By a standard argument* using ĊoĊ's ultraproduct theorem (either directly or through the compactness theorem), Noetherianness is not first order axiomatizable in the language of commutative unital rings. Is the same true of non-Noetherianness? (Of course, it must at the very least not be finitely axiomatizable.) I've tried the obvious thing but have gotten nowhere.
*For convenience write $n:=\left\{0,\dots,n-1\right\}$ and $\omega:=\left\{0,1,\dots\right\}$
Local rings whose maximal ideal squares to the zero ideal have the properties
that their maximal ideals are vector spaces over their residue fields in the obvious way.
(thus) that any generating set of their maximal ideals is a spanning set of said vector space and vice versa.
(thus) that they are non-Noetherian if(f) their maximal ideal admits arbitrarily large finite linearly independent sets under said obvious action of the residue field.

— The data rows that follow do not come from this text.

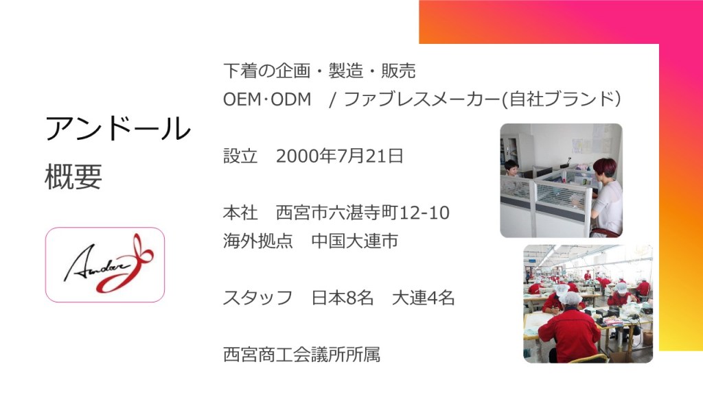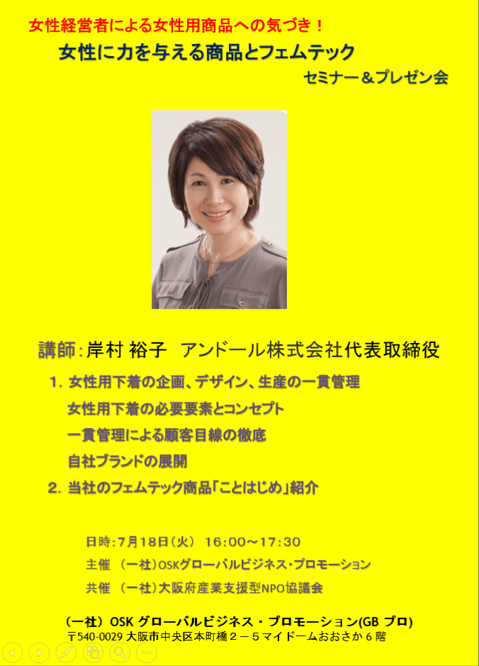 一般社団法人OSKグローバルビジネス・プロモーションでは、7月18日、一般社団法人大阪府産業支援型NPO協議会との共催で二人の女性経営者をお招きし、セミナー&プレゼン会を催しました。以下は、そのうちの一人、アンドール株式会社代表取締役、岸村裕子様の発表概要です。
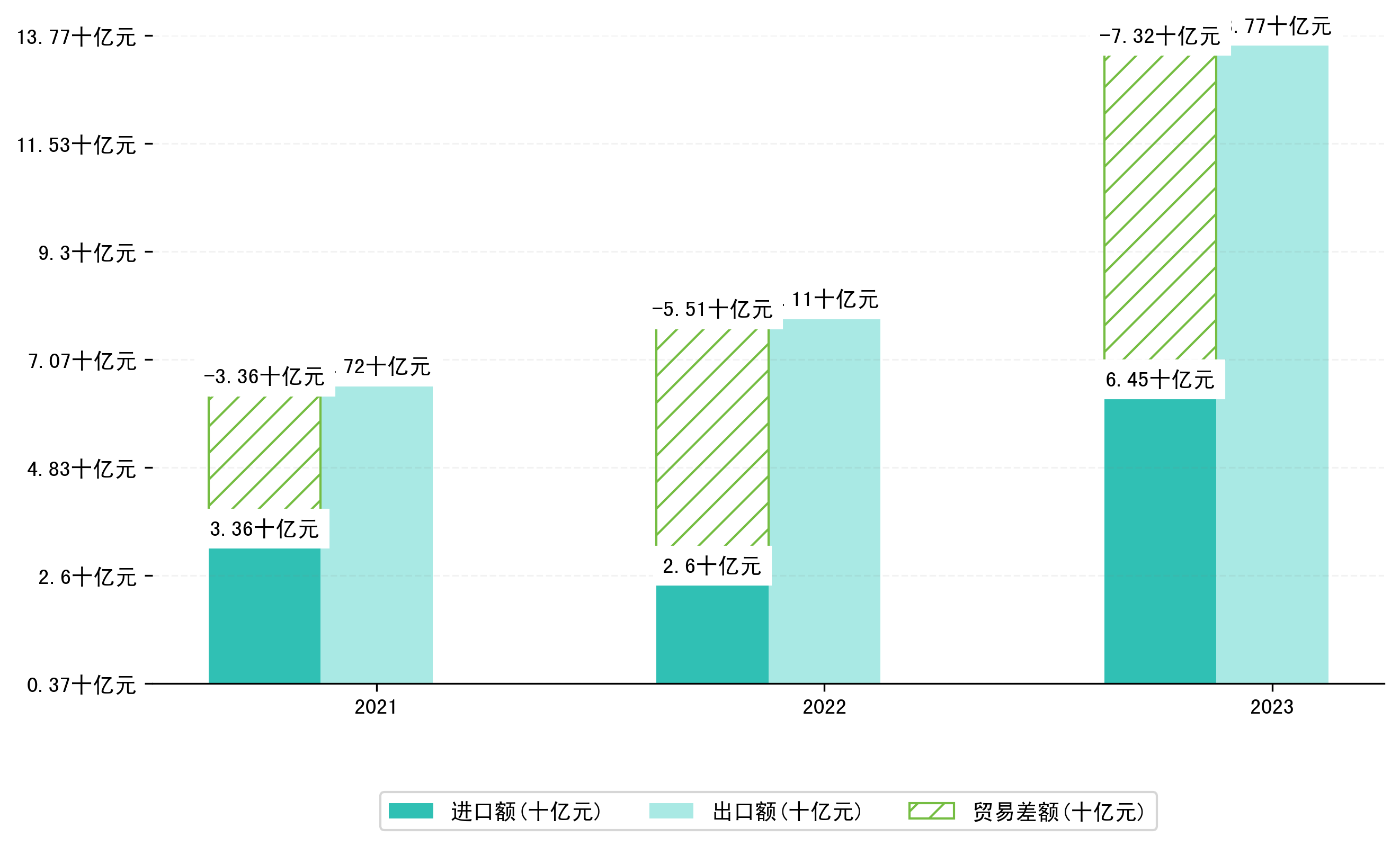 以美元计,2023年1-4月郴州市贸易差额为10,6312,9551万美元(贸易顺差),相比上年同期增加了1,9682,8428万美元,同比增加22.72%。
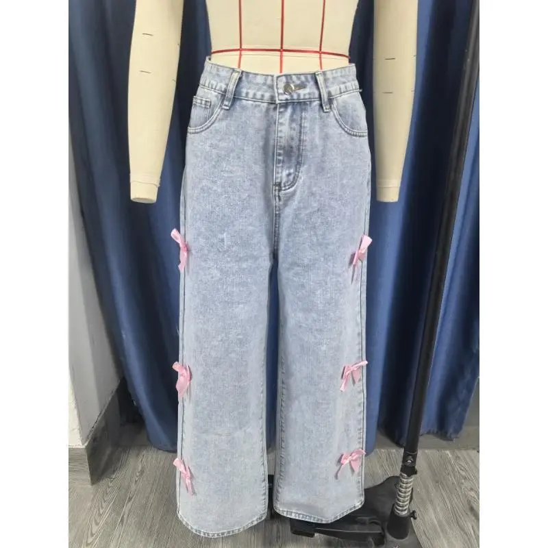 Women's Elastic Wide Leg Jeans Women Jeans Wide Leg Pants Bow Washed High Waist 2025 Streetwear Denims Distressed Vintage Straight Ankle Length Trousers
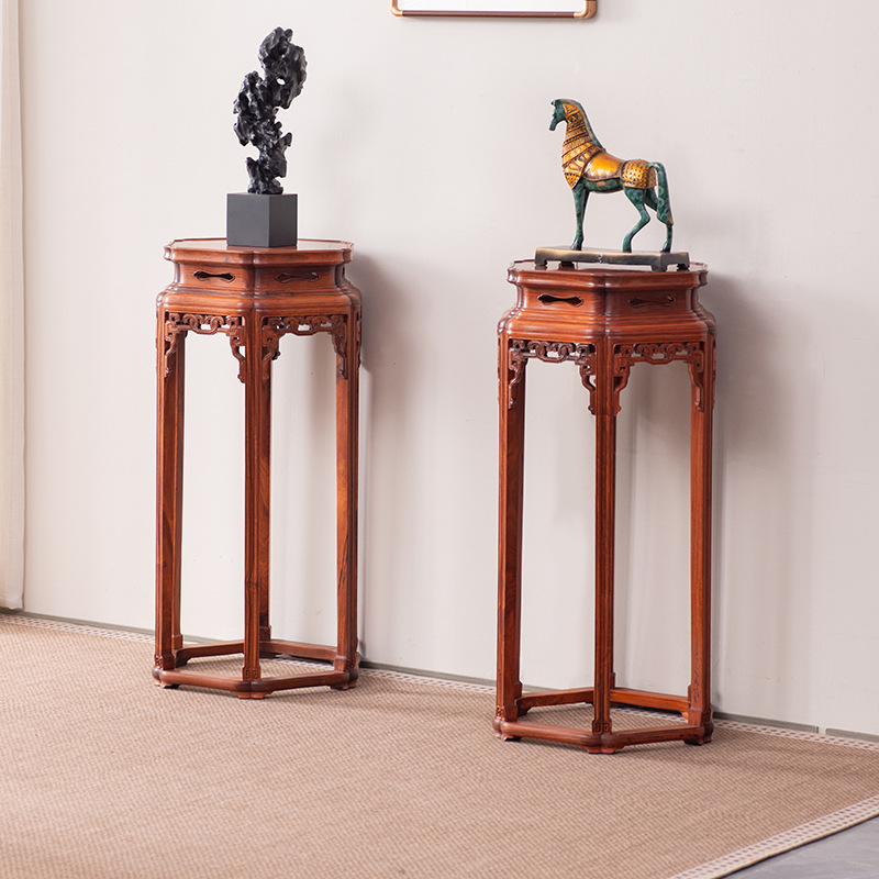 芸銘天下紅木家具ミャンマー花梨木六角形花架全実木花瓶架客間置物棚
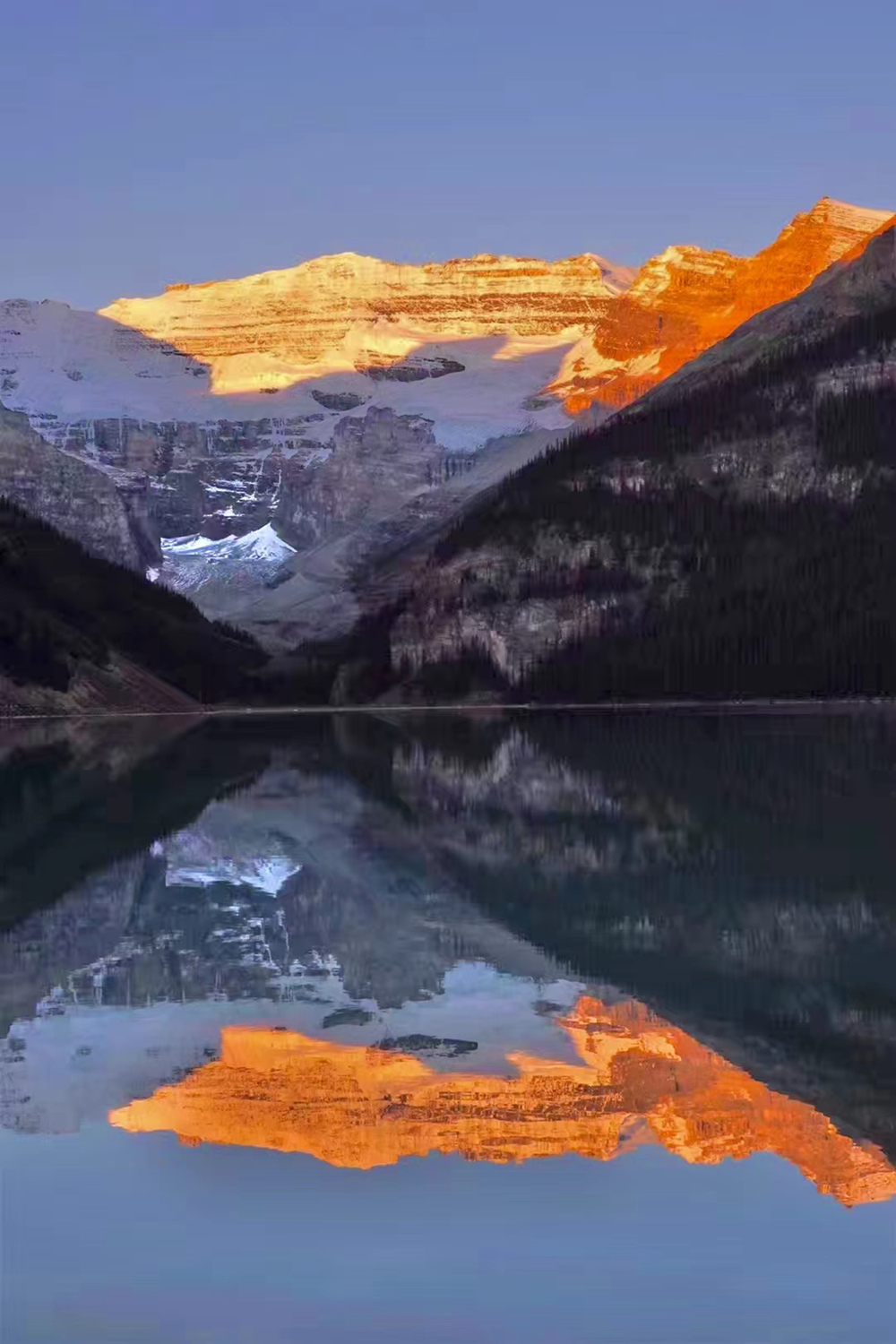 湖水晶瑩剔透,在鋸齒狀的山谷的擁環下,就像一塊寶玉。這塊“國寶”被印在加拿大20元的紙幣上。李仁奇 攝

Now, for any natural $n\colon\omega$, the property "is a local ring whose maximal ideal squares to the zero ideal and whose maximal ideal contains an independent size of size $n$ under the obvious action by the residue field" is expressible by a sentence $\psi_{n}$ in the first order language of commutative unital rings. Clearly if $n_{0}\leq n_{1}$, then $\psi_{n_{1}}\implies \psi_{n_{0}}$. Each $\psi_{n}$ moreover admits a Noetherian model $A_{n}$ (e.g., $\mathbb{Q}\left[x_{i}\right]_{i\colon n}/\left(x_{i}\right)_{i\colon n}^{2}$).
The ultraproduct of these $A_{n}$s with respect to any non-principal ultrafilter on $\omega$ is then simultaneously a model of any sentence satisfied by all Noetherian commutative unital rings and a model of all the $\psi_{n}$s, whence non-Noetherian, thereby frustrating any first order axiomatization of the commutative unital rings.